Begin at the top of the entries below and write out every line through the one containing "学校宿舍是标准的学生公寓,上", excluding pictures.

THE INPUT:
┄┄┄┄┄┄

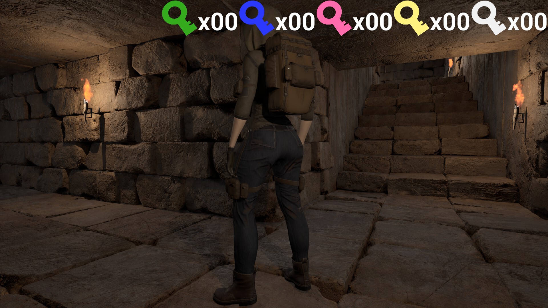 - Five key colors (blue, red, green, yellow, white) match doors of the same color. You cannot open a door without its key.
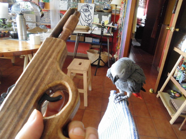 知らざれるオウムの私生活 ベラの輪ゴムピストル 2016-01-13 momoquimidori コメントする ベラが日本で見つけ大喜びして買った「輪ゴムのピストル」。 どうしようかな~と思っていたら・・・ ややや。オウムが反応。 そっかー。いつもベラがこのピストルでオウムを追い回していたんだっけ。 ま、輪ゴムなのでほとんど命中しないのだがあわてふためいて逃げ回っていた日々をどうやらオウムは忘れていないよう。 しまおうと思ったけど・・・試してみようかな(笑) さて、今週から仕事始め。「ピアノレッスン」もスタートしました。今年もよろしくお願いいたします! 2016-01-13 momoquimidori コメントする
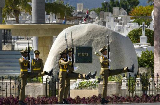 Los militares cubanos dispararon 21 cañonazos y multitudes en la entrada cantaron el himno nacional para despedir los restos líder cubano que fue enterrado fuera de la vista del público. En el mismo cementerio reposan los restos del prócer independentista José Martí.
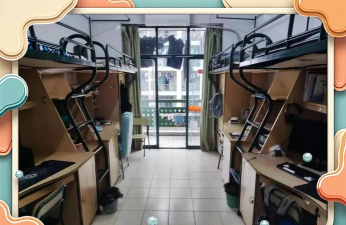 学校宿舍是标准的学生公寓,上床下铺,有热水器,洗澡非常的方便。而且宿舍内空间宽敞,光线明亮,干净整洁。
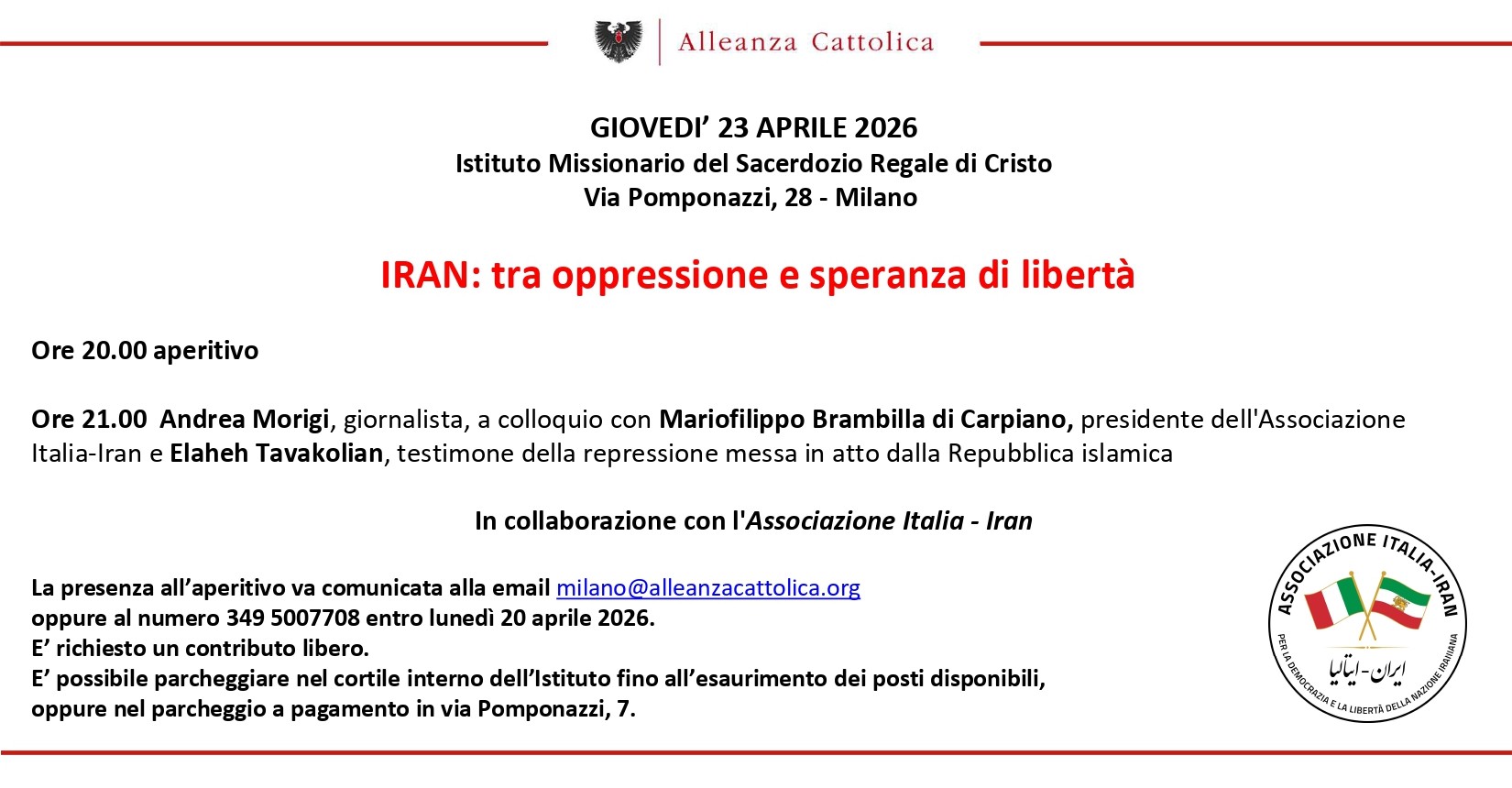 Iran: tra oppressione e speranza di libertà 23 Aprile - 20:00 fino a 23:00 Istituto Missionario del Sacerdozio Regale di Cristo Via Pomponazzi, 28, Milano, Lombardia, Italy

┄┄┄┄┄┄

ANSWER SECTION:
 - Five key colors (blue, red, green, yellow, white) match doors of the same color. You cannot open a door without its key.
 知らざれるオウムの私生活 ベラの輪ゴムピストル 2016-01-13 momoquimidori コメントする ベラが日本で見つけ大喜びして買った「輪ゴムのピストル」。 どうしようかな~と思っていたら・・・ ややや。オウムが反応。 そっかー。いつもベラがこのピストルでオウムを追い回していたんだっけ。 ま、輪ゴムなのでほとんど命中しないのだがあわてふためいて逃げ回っていた日々をどうやらオウムは忘れていないよう。 しまおうと思ったけど・・・試してみようかな(笑) さて、今週から仕事始め。「ピアノレッスン」もスタートしました。今年もよろしくお願いいたします! 2016-01-13 momoquimidori コメントする
 Los militares cubanos dispararon 21 cañonazos y multitudes en la entrada cantaron el himno nacional para despedir los restos líder cubano que fue enterrado fuera de la vista del público. En el mismo cementerio reposan los restos del prócer independentista José Martí.
 学校宿舍是标准的学生公寓,上床下铺,有热水器,洗澡非常的方便。而且宿舍内空间宽敞,光线明亮,干净整洁。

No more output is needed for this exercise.